Iraq Tests U.S. Sanctions With Oil-for-Gas Deal With Iran
Wall Street Journal – July 14th,2023
By
David S. Cloud and Ghassan Adnan
BAGHDAD—For a decade, Iraq has procured Iranian natural gas in an arrangement that powered millions of Iraqi homes but pushed Baghdad into billions of dollars in debt to Tehran because U.S. sanctions restricted payments for the fuel.
Now Iraq says it has found a way around sanctions: Paying Iran for gas with Iraqi oil. The agreement injects uncertainty into the Biden administration’s attempts to cool tensions with Iran and contain its nuclear program.
Iraqi Prime Minister Mohammed al-Sudani announced the barter arrangement this week after Iran cut gas supplies late last month over unpaid debts, plunging Iraq into blackouts and electricity shortages just as summer temperatures in the country’s south began breaching 120 degrees. Iran’s natural gas helps provide more than half of Iraq’s power needs during peak summer months.
Iran has since resumed supplying gas, and Sudani—who has had generally good relations with the Biden administration since taking office in October—blamed the U.S. for the electricity crisis.
“We could not get approval to transfer all the dues,” Sudani said.
Biden administration officials said they were seeking more details about how the oil-for-gas trades would work in practice and whether the system would violate U.S. sanctions. They rejected assertions by Sudani and other Iraqi officials that Iraq’s electricity shortages were caused by U.S. delays in approving Baghdad’s payments to Tehran.
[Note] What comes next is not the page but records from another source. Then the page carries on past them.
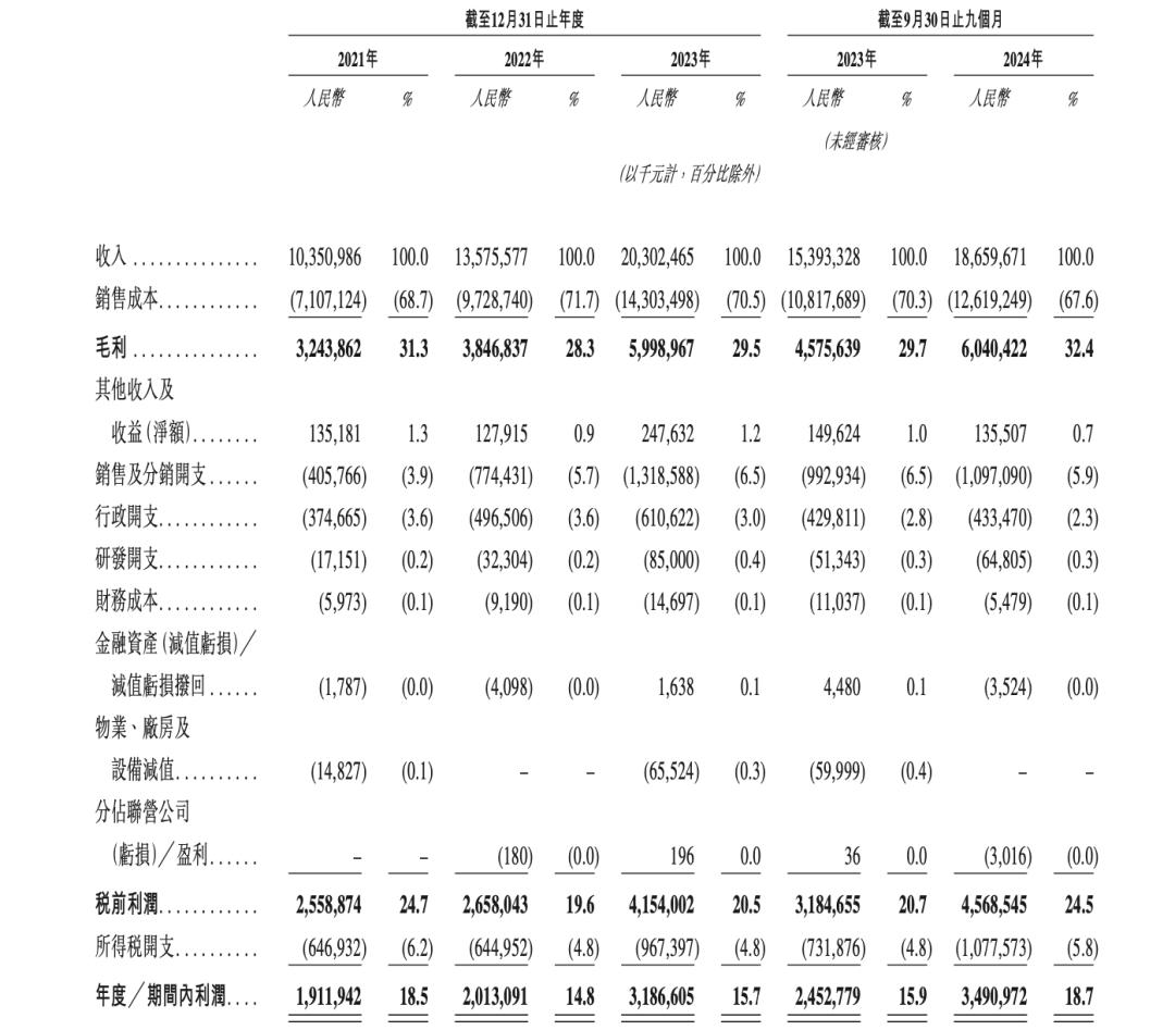 其中,“蜜雪冰城”所得收入及毛利分别占蜜雪冰城总收入及毛利的95%以上。于2021年、2022年、2023年以及2024年前三季度,“蜜雪冰城”的毛利率分别为31.4%、28.9%、30.3%及32.9%。
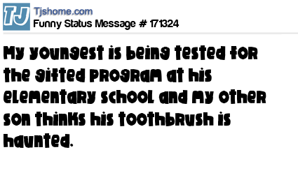 X says My youngest is being tested for the gifted program at his elementary school and my other son thinks his toothbrush is haunted.
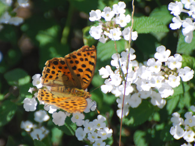 A variety of flowers, Thistles being a particular favourite.
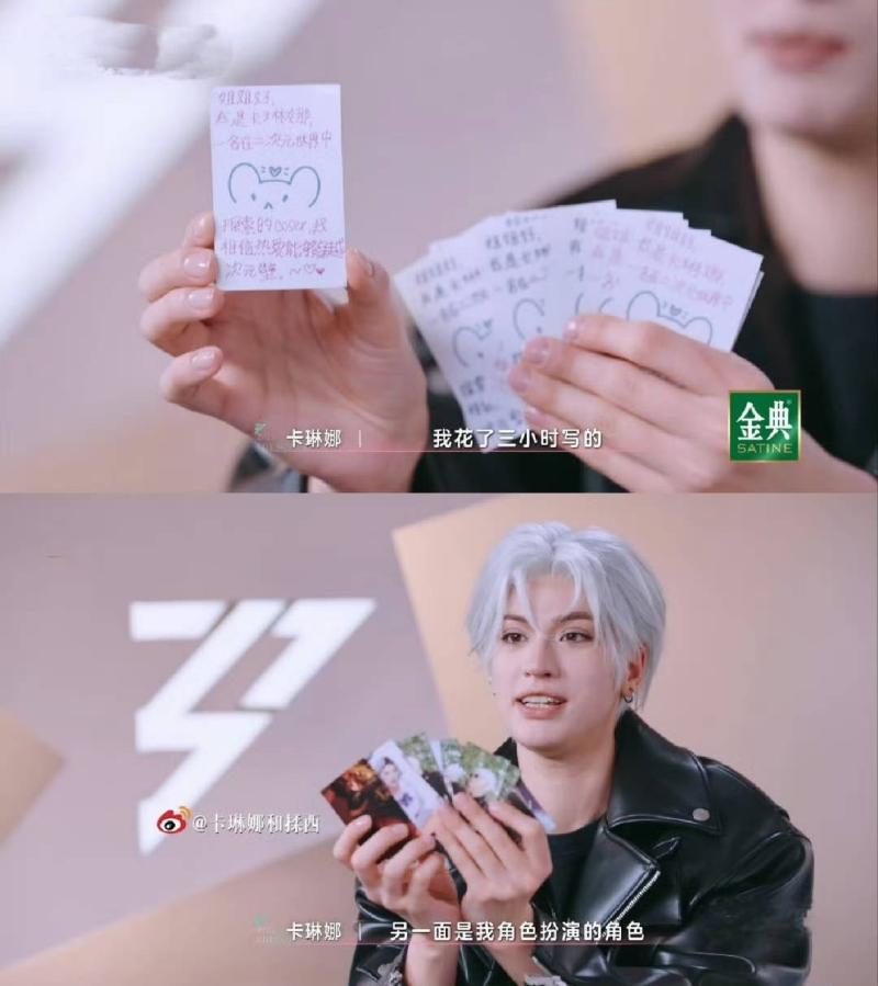 可愛的是,卡琳娜不愧是二次元的人,來浪姐居然還自備自我介紹的小卡,原來因為擔心其他姐姐不認識自己,所以還親手花了3個小時準備小卡👇
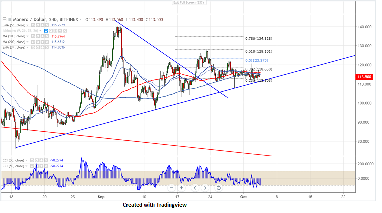 XMRUSD is trading between $107.80 and $120 for past four trading days. It is currently trading around $113.56. The pair has taken support near trend line and shown a minor jump.

“Any claim that U.S. sanctions on Iran are causing Iran to limit gas supplies to Iraq is absurd. Iran is limiting gas supplies to pressure and blackmail the Iraqi government and its people,” a spokesman for the National Security Council said, adding, “We are looking into the details of the reported swap.”
U.S. officials use their de facto control over Iraq’s payments to Iran as a way to deny Tehran hard currency, but the new procedure announced by Sudani’s government appears to offer Iran a way to sidestep those limits if it can refine and resell the oil it receives from Iraq on world markets.
For nearly a decade Iraq has sought U.S. Treasury Department approval before releasing energy payments to Iran in order to comply with sanctions, a procedure aimed at preventing dollars from going to Iran’s Revolutionary Guard, a military organization designated as a terrorist group. Iran has generally been limited to buying humanitarian goods and only in non-U.S. currency.
Since last December, the U.S. has approved €2.5 billion, equivalent to $2.7 billion, in payments by the Iraqi government to Iranian creditors. The payments included €886 million to Turkmenistan, partially repaying a debt owed by Iran, the officials said, for example.
The payments came at the same time as the Biden administration restarted indirect talks with Iran over freezing progress in its nuclear program and freeing U.S. prisoners in exchange for releasing billions of dollars in Iranian funds frozen overseas. The goal is to reduce tensions that have soared as Iran has provided drones to Russia for its war in Ukraine, pushed ahead with uranium enrichment and seized oil tankers in the Persian Gulf.